In all, 56 male Long–Evans rats (S.L.C. Japan Inc.) were used and were 5 weeks old at the time of purchase. Rats were randomly allocated into pairs and housed in a temperature-controlled (22–23°C) room under a 12 h light–dark cycle (lights on from 08.00 to 20.00). The rats had free access to laboratory chow (CE-2, CLEA Japan Inc.) and tap water in their home cages during the first 2 weeks. Each cage was provided with 33 g laboratory chow per day. The day before the experiment, approximately 6 g laboratory chow and 14 g sucrose pellets were given to each cage. Tap water was freely available in the home cages at all times. We divided the rats randomly into the following four groups: demonstrator, observer, waiting and individual. The demonstrators and observers were cage mates. In the waiting and individual groups, we allocated pairs of rats from the same cages to the same groups. We started to train the animals 5 weeks after purchase, so that the animals were 10 weeks old at the beginning of the experiment. There were 14 rats each in the demonstrator, observer, individual and waiting groups.

Apparatus

The eight-armed radial maze was made of wood and consisted of two parts. One was the centre arena, which was an equilateral octagon-shaped space with a diameter of 36 cm. A wire-mesh cage (15 × 11 × 23 cm) was placed in the centre (the observation room) (figure 1). The entrance to the wire-mesh cage was directed toward the entrance of the experimentation room, and the orientation of the cage was constant across trials. The other part was eight 80 cm arms, each with a guardrail. The height of the guardrails in the binding sites between each arm and the centre arena was 14 cm and that of the guardrails in the remaining sites of arms was 9.5 cm. The apparatus was high-floored, and the floor-to-apparatus height was 72 cm. There were bait trays at the end of the arms. We put four sucrose pellets each in four of the eight bait trays in the maze (60 mg per tray). These arms were called correct arms. Some objects were arranged around the apparatus with north, south, east and west orientations. The animals' behaviours were recorded with a video camera.

Training

We put sucrose pellets in the correct arms. The correct arms were always the same four arms for each rat during the 30 trials.
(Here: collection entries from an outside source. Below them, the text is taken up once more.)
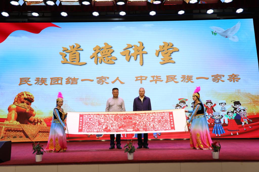自治区非遗传承人折红旭向公司赠送“民族团结 福泽万家”剪纸作品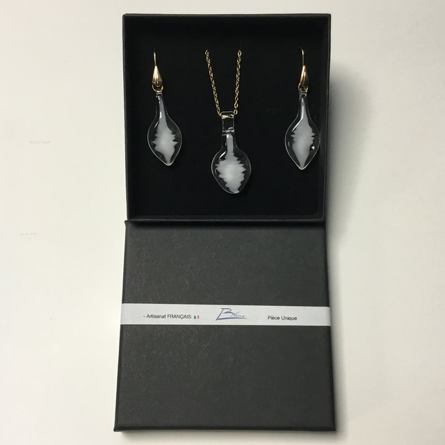 Parure présentée en boîte (carton noir mat) et pochette (velours noir).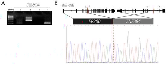 Identification of the EP300-ZNF384 fusion. For the confirmation of EP300-ZNF384 fusion, the original RNA sample was used. Primers were designed to amplify two regions of 106 bp and 250 bp, named internal and external, respectively (Table S1). (A) 100 bp marker, RT-PCR of EP300-ZNF384 with primers EP300-ZNF384-ext (lane 2), with primers EP300-ZNF384-int (lane 4), and negative control (H2O) (lanes 1 and 3). (B) Schematic representation of the localization of the breakpoints within ZNF384 and EP300 and the corresponding result of sequencing where exon 6 of the EP300 gene and exon 3 of the ZNF384 gene are fused in this transcript. The symbol “lightning” indicates the breakpoint region.
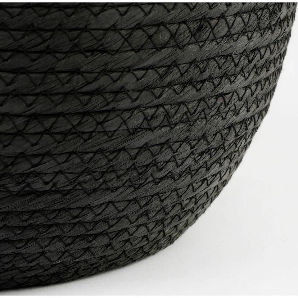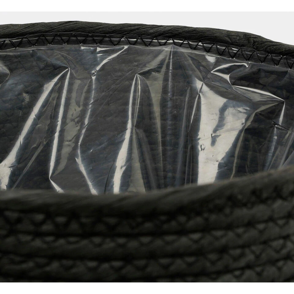 Naturel zwart kleur rotan planten pot mand van gedraaid jute/touw/riet/zeegras van 19 cm hoogte en 22 cm diameter(buitenzijde). Voor de binnenmaat trek je 3 cm af. Mooie rotan jute manden/mandjes voor bloemen, bloemstukjes en planten met plastic aan de binnenkant zodat het water er niet door gaat. De ronde rieten mand heeft geen gaatjes aan de onderkant.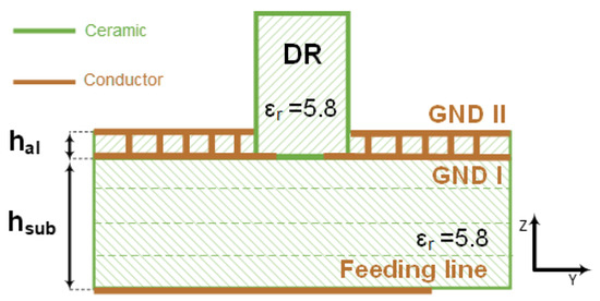 Schematic of the proposed stack with grounded and grooved superstrate for the CDRA.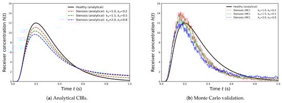These assumptions enable the derivation of closed-form channel impulse responses and facilitate systematic analysis of adsorption–desorption kinetics within cascaded vascular segments. At the same time, they delimit the scope of the model and may lead to deviations in scenarios involving asymmetric stenoses, pulsatile hemodynamics, elastic wall deformation, or heterogeneous hematocrit distributions. Addressing these factors constitutes an important avenue for future refinement and validation.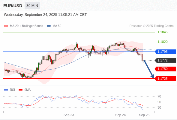 在 1.1795 之下,看跌,目标价位为 1.1750 ,然后为 1.1725 。
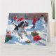 Cartão Springer Spaniel Correndo Neve com Chapéu de Natal
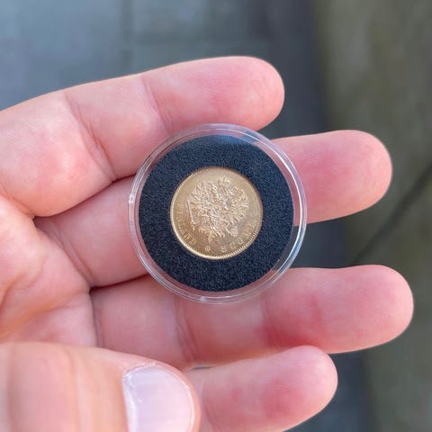 Mynten veier 3,22 gram 900 gull (= 2,9 gram 999 gull).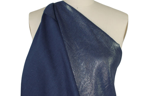 This beautiful linen has a stunning coloration with a surprise - it has a silvery coating on the face! The reverse is plain, and you can use this fabric in garments where the wrong side shows. It is the stuff of haute design dreams. It's a medium weight that will work for a wide variety of garments, from dresses and trousers to blazers and more!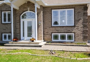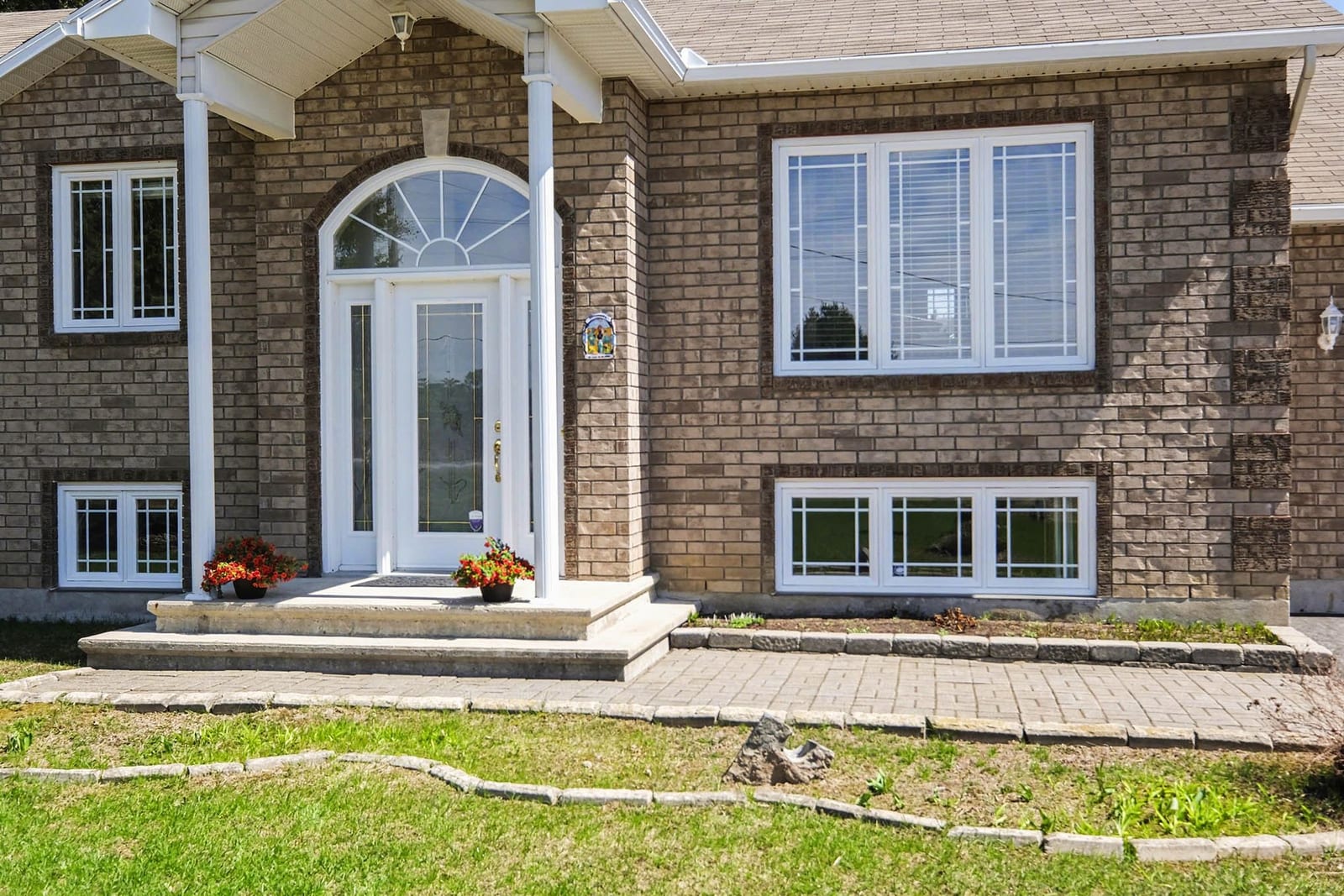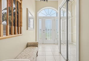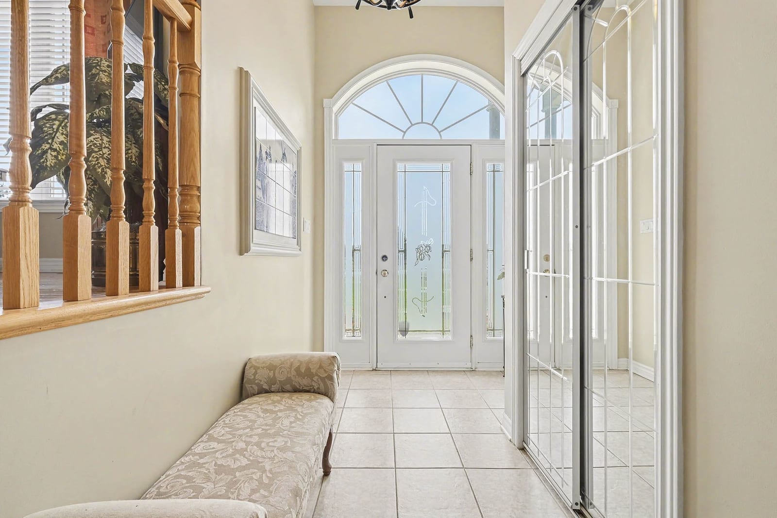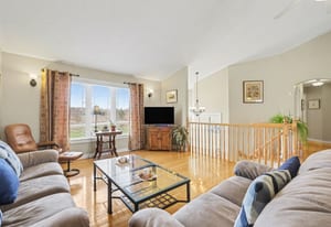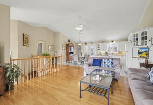 Inside, the bright front foyer creates an inviting first impression with tile flooring, a large arched transom window, sidelights, and a view into the split-level layout. The main living area is warm and spacious, featuring hardwood flooring, vaulted ceilings, large windows, and an open railing overlooking the entry below. The living room flows naturally into the dining area and kitchen, creating an ideal layout for everyday family living and entertaining.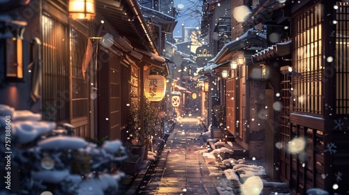 © Arti, Obraz premium Snowy Night in the City A Winter Wonderland Generative AI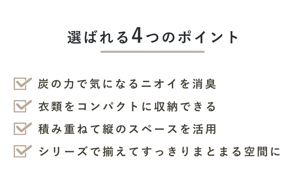 布団収納、着物収納、衣類収納、ハンガー収納まで、用途に合わせて選べるサイズを展開しています。シリーズで揃えて使用すると、統一感のあるすっきりとした収納空間を演出できます。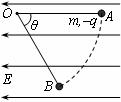 8.如下图所示,在场强大小为E的匀强电场中,一根不可伸长的绝缘细线一端拴一个质量为m电荷量为q的带负电小球,另一端固定在O点。把小球拉到使细线水平的位置A,然后将小球由静止释放,小球沿弧线运动到细线与水平成θ=60°的位置B时速度为零。以下说法正确的是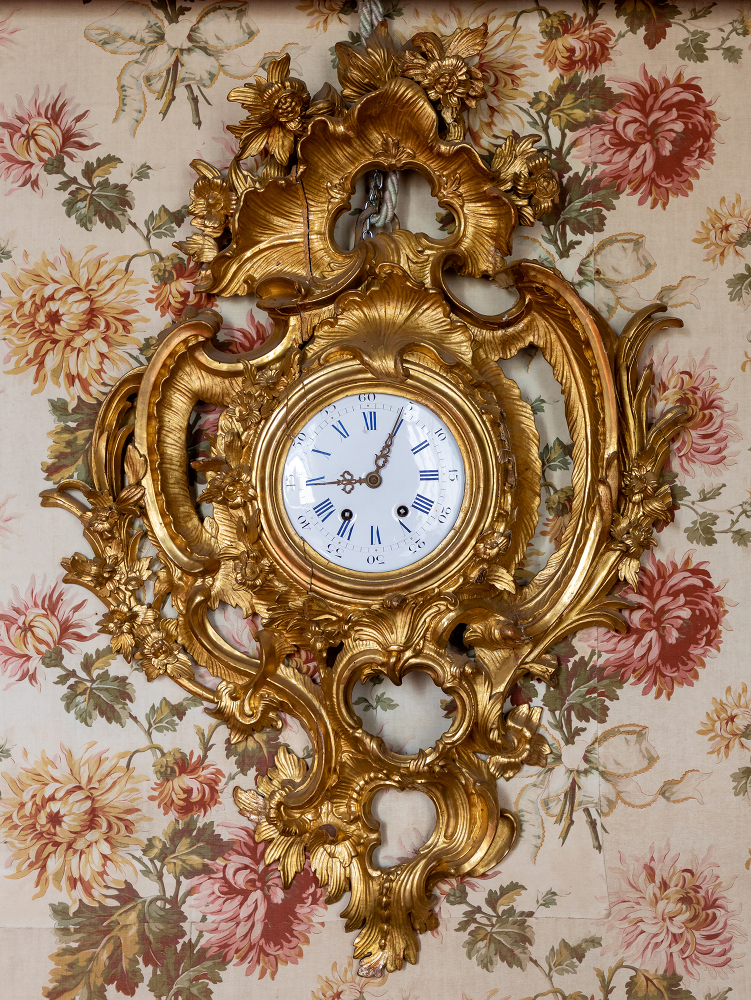 Quadrante incorniciato da una ghirlanda di fiori da cui si dipartono ampie volute asimmetriche rocaille e volute di foglie accartocciate con fiori.Ghiera del quadrante a fasce modanate.Quadrante bianco; cerchio delle ore con numeri romani in nero; cerchio dei minuti esterno con cifre arabe di cinque in cinque in nero; lancette disuguali, con volute, in rame dorato; due fori di carica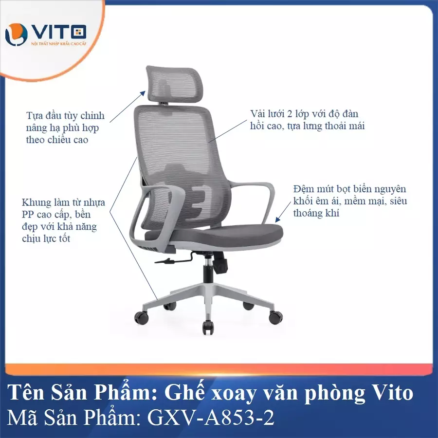 Trong môi trường làm việc hiện đại, việc chọn một chiếc ghế xoay văn phòng không chỉ là để hỗ trợ công việc mà còn là để tạo sự thoải mái và tăng cường hiệu suất làm việc. Ghế Xoay Văn Phòng Vito GXV-A853G từ thương hiệu uy tín Vito là sự kết hợp đẳng cấp và tiện nghi, mang lại trải nghiệm làm việc đẳng cấp và thoải mái cho mọi nhân viên.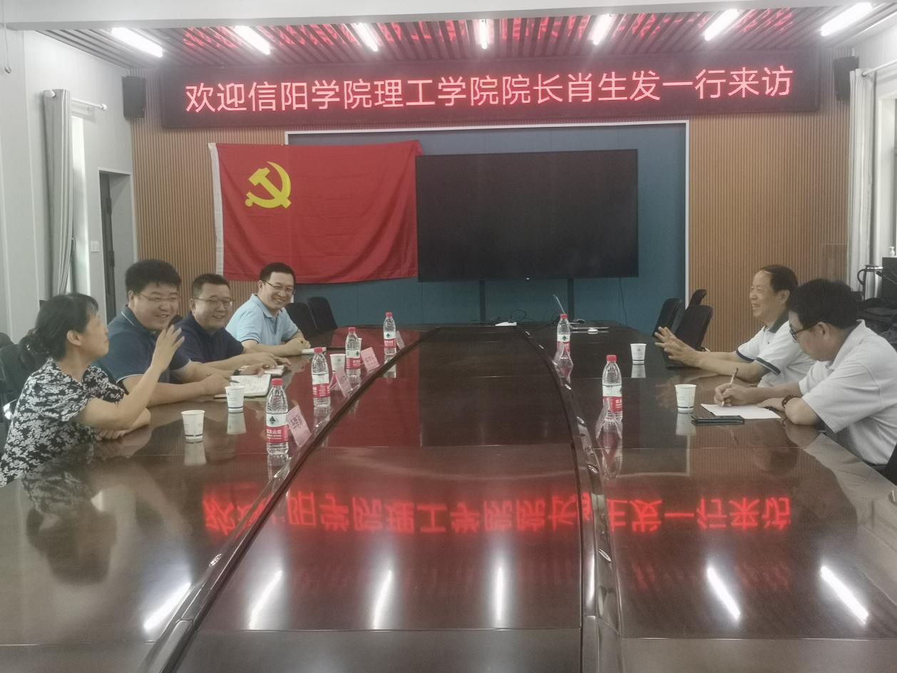 8月22日上午10点,信阳学院理工学院经理肖生发、任柏林来访交流,汽车学院胡明茂经理、杨亚会书记、李楚琳、邓召文等老师在学院二楼大会议室接待了肖生发一行。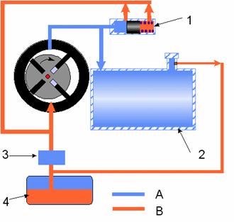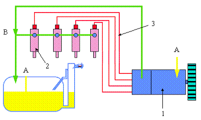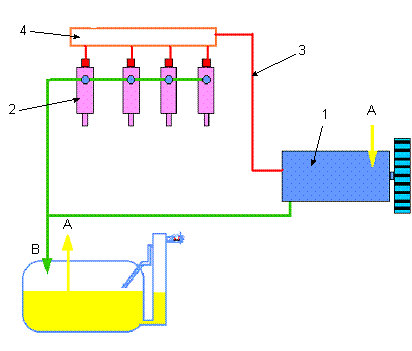 1 - Pompa înalta presiune 2 - Injector 3 - Conducta înalta presiune 4 - Rampa de injectie A - Circuit de alimentare de joasa presiune B - Circuit retur la rezervor |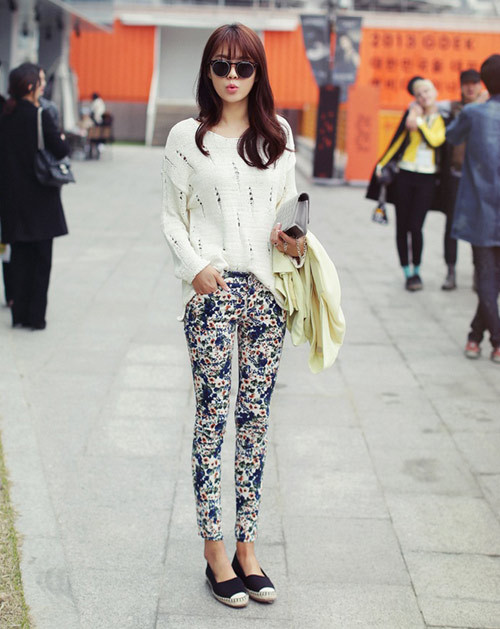 Những chiếc quần jeans hay skinny jeans với hoa hay chấm bi là item dễ bắt gặp nhất trên đường phố. Chúng len lỏi cả vào chốn văn phòng, nổi bần bật giữa những trang phục cổ điển màu đen, nâu, ghi xám.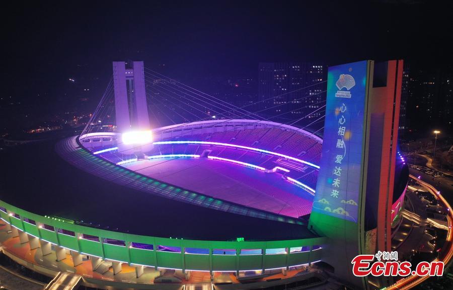 The lighting effect of the 2022 Asian Games theme is displayed at the Huanglong Sports Centre Stadium in Hangzhou, east China's Zhejiang Province, Dec. 20, 2021. (Photo: China News Service/Wang Gang)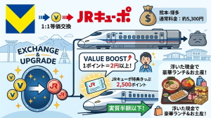 VポイントからJRキューポへは直接交換ができるため、九州の方にとっては「ウェル活」と並ぶ、あるいはそれ以上の「買い物ブースト術」と言えるでしょう。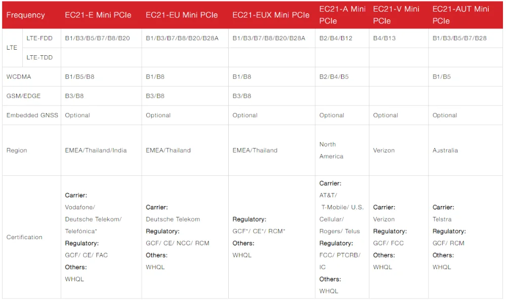 EC21 Mini PCIe contiene 10 variantes: EC21-E Mini PCIe, EC21-EU Mini PCIe, EC21-EUX Mini PCIe, EC21-A Mini PCIe, EC21-V Mini PCIe, EC21-AUT Mini PCIe, EC21-AU Mini PCIe, EC21-AUX Mini PCIe, EC21-KL Mini PCIe y EC21-J Mini PCIe.Esto lo hace compatible con versiones anteriores de las redes EDGE y GSM/GPRS existentes, lo que garantiza que pueda migrar fácilmente desde la red LTE a la red 2G o 3G.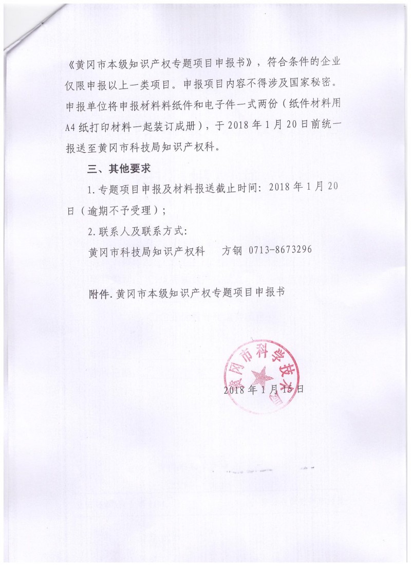 關(guān)于組織申報2017年度黃岡市本級知識產(chǎn)權(quán)專題項目的通知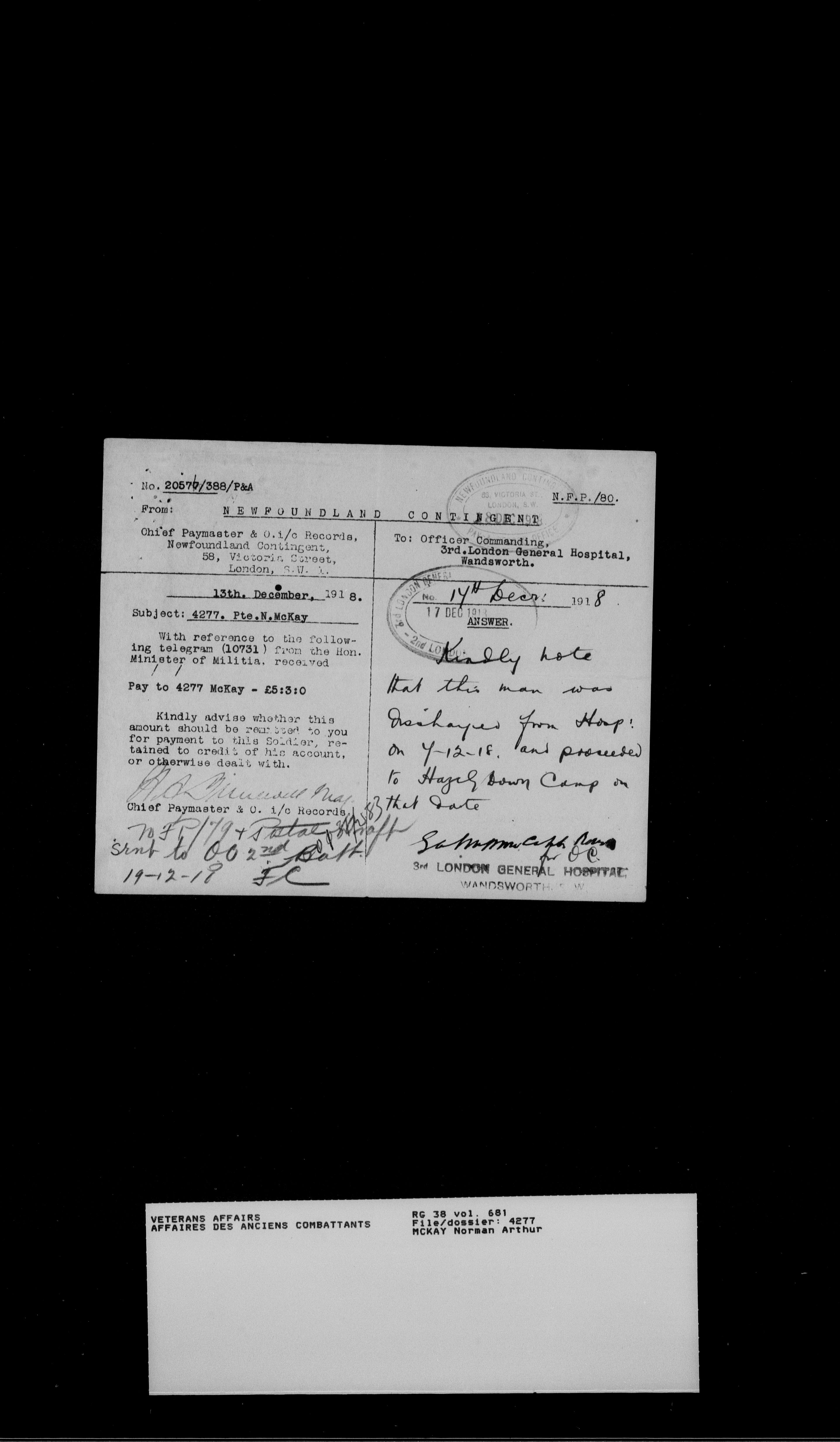Royal Newfoundland Regiment service files : T-18499

Then we placed a rat on the side of the observation room in the centre of the arena and removed it after it had visited the four correct arms and returned to the centre arena. For all groups, each rat was put in the centre of the arena with the direction of the entrance of the observation room. There was no time restriction. After each rat was removed, we cleaned the floor and guardrails in the maze with a wet paper towel. This constituted a trial, and we conducted one trial per day and six trials per week, for a total of 30 trials over 5 weeks. The above schedule was followed in training individual groups.

In the demonstrator and observer trials, we put an observer rat into the observation room from the entrance after putting pellets into the four bait trays. The observer rats could change direction at any time in the observation room. Then we placed a rat from the demonstrator group in the centre arena. The demonstrator rat was removed after it returned to the centre arena after visiting the correct arms. After sweeping the maze and restocking the pellets in the same trays, we brought the observer out from the observation room and placed it in the centre of the arena, as was done with the demonstrator. The demonstrator trial preceded the observer trial for each pair, on the same day. The observation room was kept at the centre of the arena during the observers' trials, as was the case with the demonstrators' trials, though the inside of the cage was empty.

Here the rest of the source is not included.